Managing recovery of a link via loss of link

Abstract

A computer program product, apparatus and method for managing recovery of a link in a multi-tasking multi-processor environment. An exemplary embodiment includes shutting off timers for a failed channel associated with the communications link, storing a loss of link condition in a data structure, disabling communications on the failed channel and sending an external notification of the loss of link condition.

Description

BACKGROUND OF THE INVENTION

1. Field of Invention

The present disclosure relates generally to multi-tasking multi-processor environments, and in particular, to managing recovery of a link in a multi-tasking multi-processor environment.

2. Description of Background

When operating a communications link in a multi-tasking multi-processor environment, numerous failures can occur and there are a variety of ways in which the communication link can be/recovered. For example, if a channel needs to be recovered in the existing coupling technologies for multi-tasking multi-processor environment, the operation is supported by dedicated hardware. The hardware link can be reset in order to achieve this Loss of Link operation, often by dropping light or cutting power.

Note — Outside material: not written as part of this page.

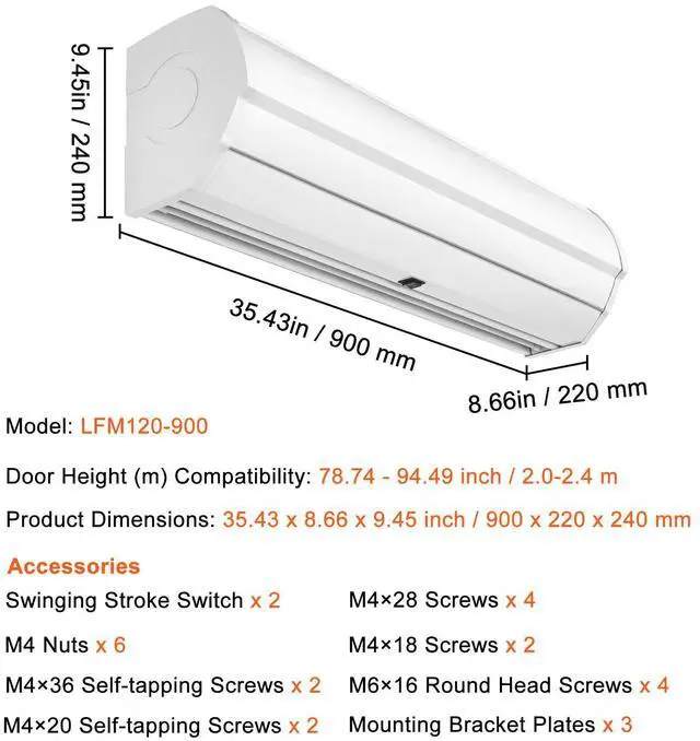Fit for Door Height: 78.74 - 94.49 inch / 2.0-2.4 m,Max Airflow(CFM/m³/h): 900/1528,Voltage: AC120V 60Hz,Model: LFM120-900-U,Product Dimensions: 35.43 x 8.66 x 9.45 inch / 900 x 220 x 240 mm,Colour: White

In the case of the new coupling technology based upon industry standard Infiniband, multiple channels can be emulated across a single physical link. Therefore, there is no hardware assist that can be called upon to aid in the recovery of the communication link. As such, recovery is left up to the firmware, which must be able to handle such recovery on a single channel without impacting the other channels that share the physical link.

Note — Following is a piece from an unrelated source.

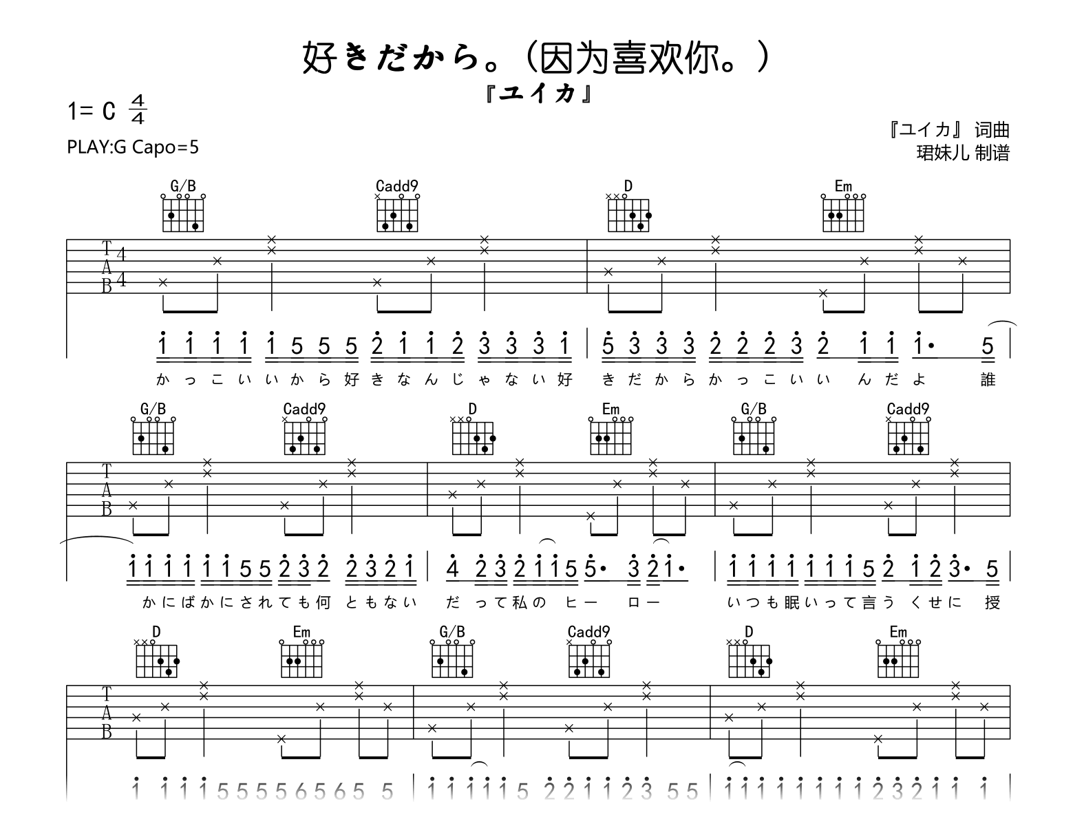 好きだから因为喜欢你吉他谱 - ユイカ - G调吉他弹唱谱

BRIEF SUMMARY OF THE INVENTION

An exemplary embodiment includes a computer program product for managing recovery of a communications link in a multi-tasking multi-processor environment, the computer program product including a tangible storage medium readable by a processing circuit and storing instructions for execution by the processing circuit for performing a method including shutting off timers for a failed channel associated with the communications link, storing a loss of link condition in a data structure, disabling communications on the failed channel and sending an external notification of the loss of link condition.

Another exemplary embodiment includes an apparatus for managing recovery of a communications link in a multi-tasking multi-processor environment, the computer program product including a processor performing a method including shutting, off timers for a failed channel, associated with the communications link, storing a loss of link condition in a data structure, disabling communications on the failed channel and sending an external notification of the loss of link condition.

A further exemplary embodiment includes a method for managing recovery of a communications link in a multi-tasking multi-processor environment, the method including shutting off timers for a failed channel associated with the communications link, storing a loss of link condition in a data structure, disabling communications on the failed channel and sending an external notification of the loss of link condition.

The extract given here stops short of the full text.